If you need a loan but don't have a house, you may look at your mutual funds as collateral. The type of mutual fund account you own and the tax structure it holds will determine whether you can actually borrow against it. Understanding mutual fund loan regulations helps prevent accidental tax or fee liabilities.
Brokerage firms allow investors to use the value of their accounts as collateral for margin transactions. Margin transactions are brokerage transactions where you purchase securities with money you borrow directly from the brokerage firm. Once you qualify for a margin account, you can assess the loan at any time without additional paperwork. Margin accounts are granted based on credit history but can be revoked based on poor repayment history. When you borrow from your broker, you are allowed to borrow a maximum of 50 percent of your existing account value. This includes mutual fund values. If the value drops, you receive a margin call and must repay the difference. If you don't, the existing securities are liquidated to cover the margin costs.
Employer Retirement Plans
Employer-sponsored retirement savings plans like 401k and 403b plans allow investors to purchase mutual funds. The IRS allows employees participating in the retirement savings plan to borrow up 50 percent up to $50,000 of their account value. There is no credit check and loan interest is paid back to yourself with principal payments through salary reductions. You can take several small loans or one large loan, and there is no accelerated repayment demands if the value of the mutual funds drop in your retirement account.
Individual Retirement Account
An Individual Retirement Account is similar to a 401k or 403b provided to employees but is established independently by investors. Unlike a 401k or 403b plan, the IRS does not allow IRA owners to use the IRA for loan purposes in any fashion. This means you can't use the IRA funds for a margin account, for collateral or to take a direct loan. If you or your spouse pledge the IRA as collateral, the IRS penalizes you. The penalty is complete distribution of the IRA with taxes and penalties.

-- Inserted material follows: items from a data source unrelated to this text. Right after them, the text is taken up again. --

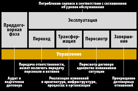 Как отметил Валерий Гущин, успех аутсорсинга невозможен без выстраивания целого комплекса мер по организации управления отношениями с подрядчиками, а также управления информационными и бизнес-процессами, которые охватывает аутсорсинг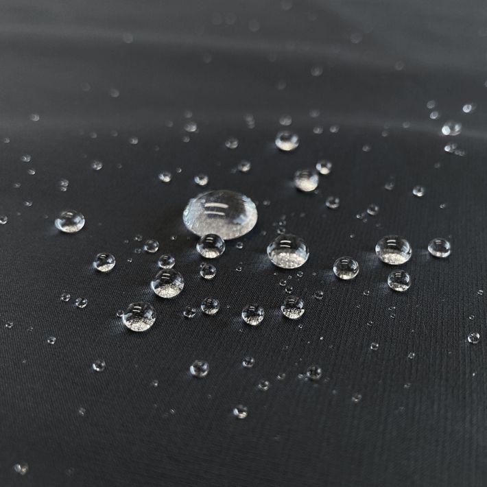 多孔質の防水透湿フィルムを使用した3層生地。(スリーレイヤー)「表地+メンブレン(フィルム)+裏地」を挟んで圧着させることで、高い防水性と透湿性を両立。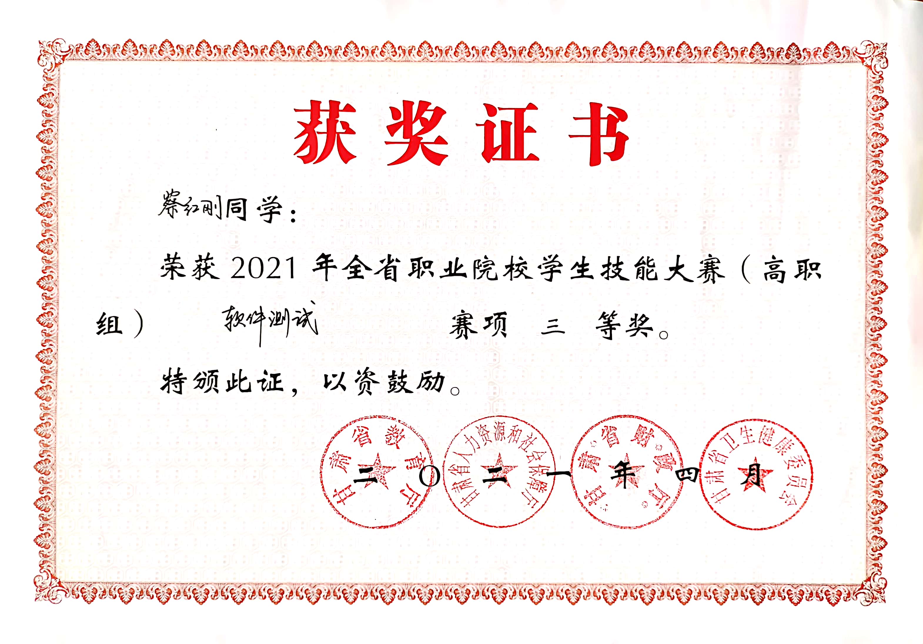 學(xué)生獲2021年全省職業(yè)院校學(xué)生技能大賽軟件測(cè)試…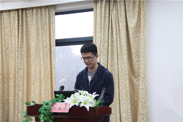 在主持人杜洋短小精悍的开场白后便由易书记上台讲话。他着重的强调了两点:一是学生安全,二就是作为学生要好好学习。并对学生会做了要求:要一如既往的做好部门工作。接下来就到了部门工作汇报环节。14级分会是响亮的第一枪,那是一支将工作做得井井有条,每个人都无私奉献的无学长学姐带领的特殊队伍,自信的为在座的老师及同学讲这这一学期的工作情况。宣传部代表陈明的汇报也真实生动,展示出宣传部在把对外工作全力做好的同时也十分注重对委员能力培养的大爱。每位部门代表都用ppt的形式展示了自己的部门的成果,同时也客观的揭露了部门工作中的不足。脚踏实地地总结14年的工作,信心满满地展望着15年。之后,由在场的老师为在部门有优异表现的同学颁发 “部门之星”奖。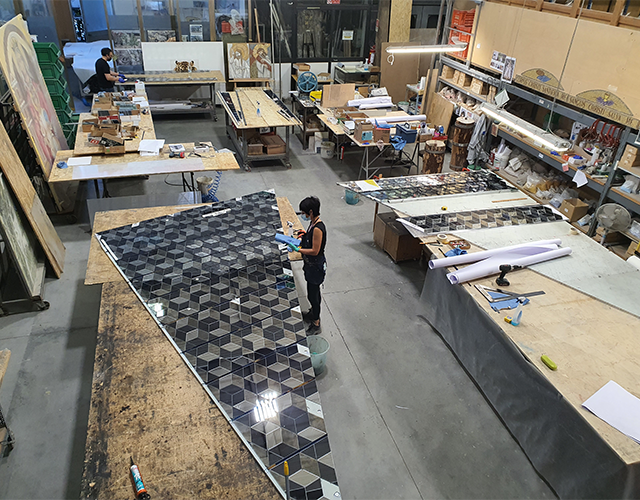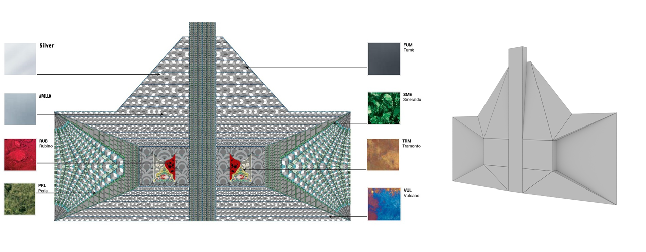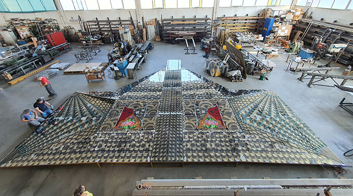 Nella fase di progettazione vengono studiati non solo gli aspetti artistici ma anche i particolari tecnici. Per realizzare questa parete tridimensionale di notevoli dimensioni (m 12,58×8,84h), il disegno geometrico è stato valutato nel minimo dettaglio per evitare la rottura di vetri in prossimità degli spigoli.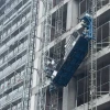 Yenibosna'da plaza inşaatının dış cephesindeki açık asansör, arıza nedeniyle üzerindeki 4 işçiyle birlikte bir tarafı sarkarak asılı kaldı.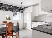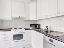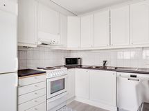 - Jääkaappi, pakastekaappi, lattialiesi, liesituuletin, astianpesukone, kaapistot, irralliset kaapistot, kiinteät valaisimet. Irrallinen kaappi keittiössä. Sen tilalle mahtuisi myös isompi jääkaappi pakastin jos haluaa.

For mutual funds that are not used as margins or retirement savings, you may be able to use them as collateral for other loans you need. While you can not directly borrow from the mutual fund, you may be able to pledge a percentage of the mutual fund account for personal loans. This is dependent on the lender. Not every lender wants to assume the risk of collateral that is fluctuating regularly. You may be required to move the mutual funds assets into a money market or other fixed income asset while the money is pledged for a loan.